Romans 5:1-2
“Therefore, having been justified by faith, we have peace with God through our Lord Jesus Christ, through whom also we have obtained our introduction by faith into this grace in which we stand; and we exult in hope of the glory of God.”
The Apostle Paul concludes Romans 4 with the fact that Christ’s resurrection was God’s evidence that Christ’s work was accepted and thus ensures our justification.
The word “therefore” at the beginning of Romans 5 shows that the immediate benefit of justification is that we have peace with God. This is justification by faith’s practical influence on the lives of those justified. Paul says in , “For to be carnally minded is death, but to be spiritually minded is life and peace. Because the carnal mind is enmity against God; for it is not subject to the law of God, nor indeed can be.”
This plainly states that the sinner is the enemy of God, and the state of a sinner’s mind is far from peace. It is at war, and their sinning proves the warfare, the rebellion in their mind. They are often agitated, alarmed, and trembling and feels alienated from God. God is not in all their thoughts (Psalm 10:4, KJV). Isaiah 57:20-21 explains, “But the wicked are like the troubled sea, when it cannot rest, whose waters cast up mire and dirt.” “There is no peace,” says my God, “for the wicked.”

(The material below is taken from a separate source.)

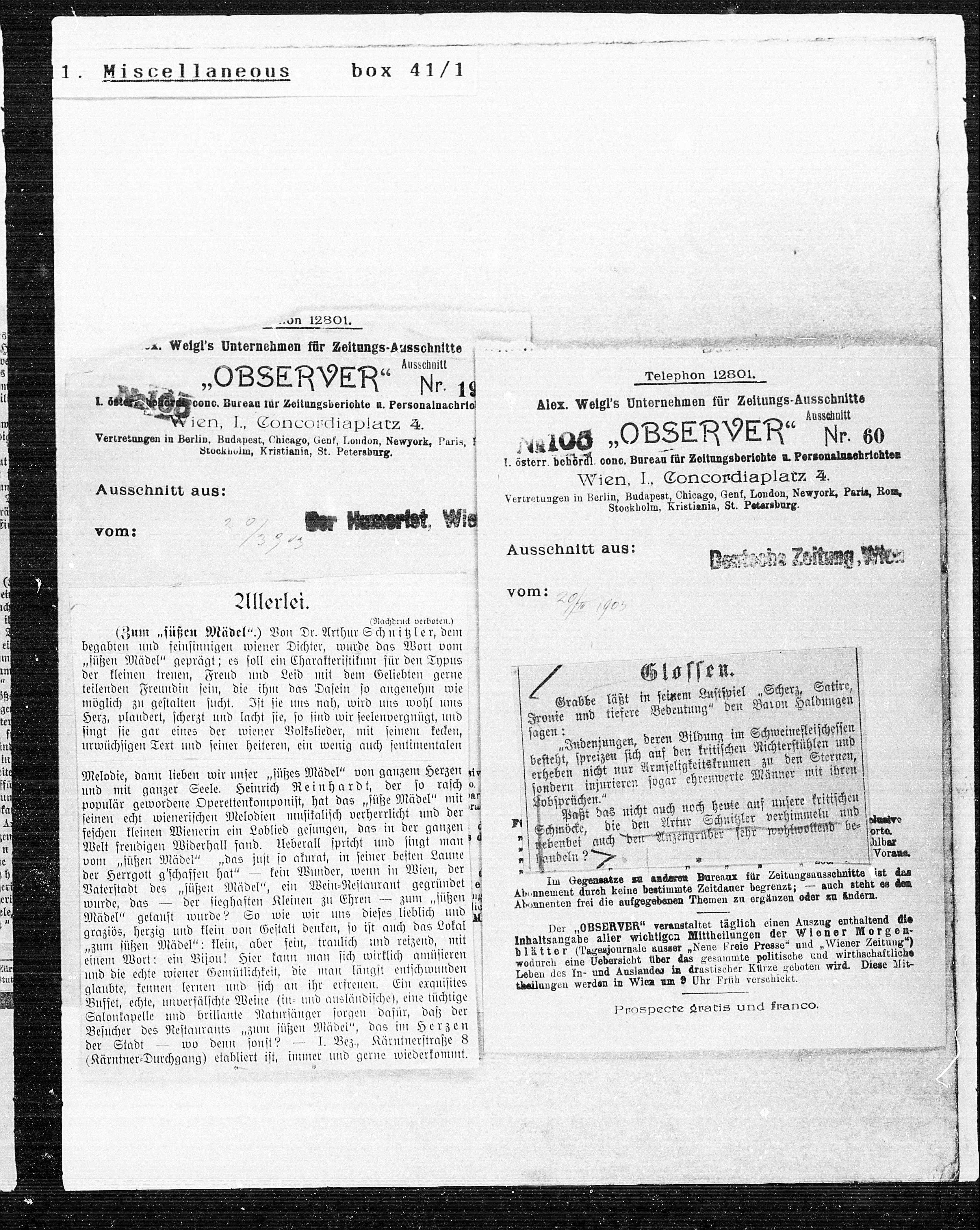 A. Weigl’s Unternehmen für Zeitungs-Ausschnitte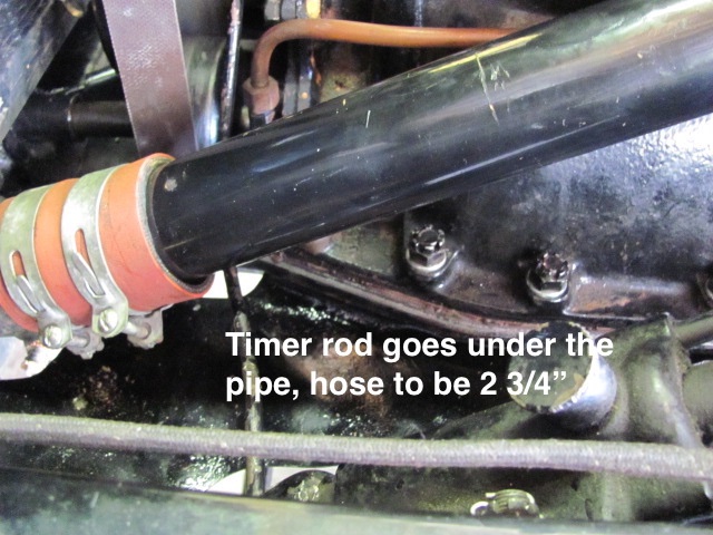 Note the lower of the two short hoses needs to be factory length of 2 3/4", some of the repros are cut a tad longer and will interfere with the rod.

The sinner trembles when they thinks of God’s law. They fear His judgments and are alarmed when they consider the lake of fire or hell. But as God moves a person toward conversion, He reveals His willingness to be reconciled through His Son’s sacrifice. Through faith and repentance, the obstacles arising from God’s justice and law disappear, and He is willing to pardon and be at peace. When the sinner embraces it, this process produces peace of mind, a peace the world cannot give or take away because the world is powerless over sin. This peace is a work, a product, of the Spirit of God by which the sinner has been called and led to this point.